Censuses, ministerial records, emigration registers and so on are all examples of what we can call highly structured historical sources. Even if they may not be totally uniform and immediately ready for computerization, the information in these sources are in most cases put into a fixed structure with predesigned forms, columns, labels etc that we can adjust to a computer format. Other types of historical records do not lend themselves so easily to be brought into the rigid structure of for instance the relational data model. If we take judicial material or newspaper articles as extreme examples, only the simplest classification of this kind of sources can be fitted into the above-mentioned structure without extended and potentially harmful editing. The texts themselves can, however, be successfully treated with software for free text search and retrieval.
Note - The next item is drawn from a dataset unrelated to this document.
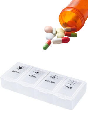 • 1 adet Günlük 4 bölmeli hap kutusu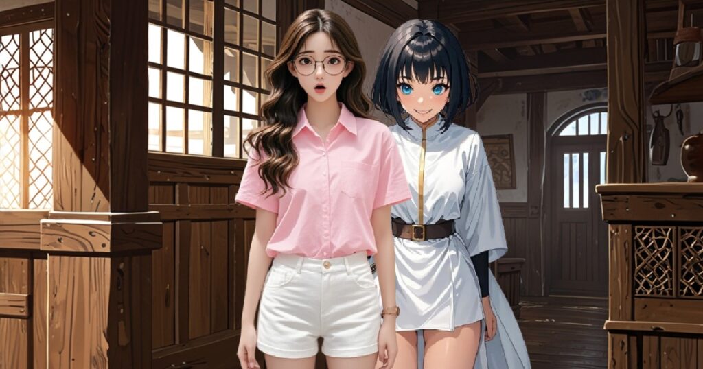 廊下背景は、Leonardo.Ai App – Generate AI Images, Videos & DesignsのモデルLeonardo Anime XL(Anime General)で生成しました。

Probate registers in this context stand out as an in between case. It is not usual (at least not in Scandinavia) to find predesigned forms for the persons, property and movables listed. The report from the distribution of an estate may at first glance look like the notes the same clerk filed after a meeting in court. At closer inspection, however, crucial differences between the two types of sources can be seen. Different entities can be distinguished: The deceased persons, their relatives and movables. For each of these, certain characteristics are listed in a rather uniform way. We find each person's name and relationship with the deceased, and for each article its value is assessed. If we are to utilize this information in research, a free text retrieval system may not be a very effective tool. We do not only want to be referred to certain kinds of movables, but also to compute their value relative to others articles, sum their values etc.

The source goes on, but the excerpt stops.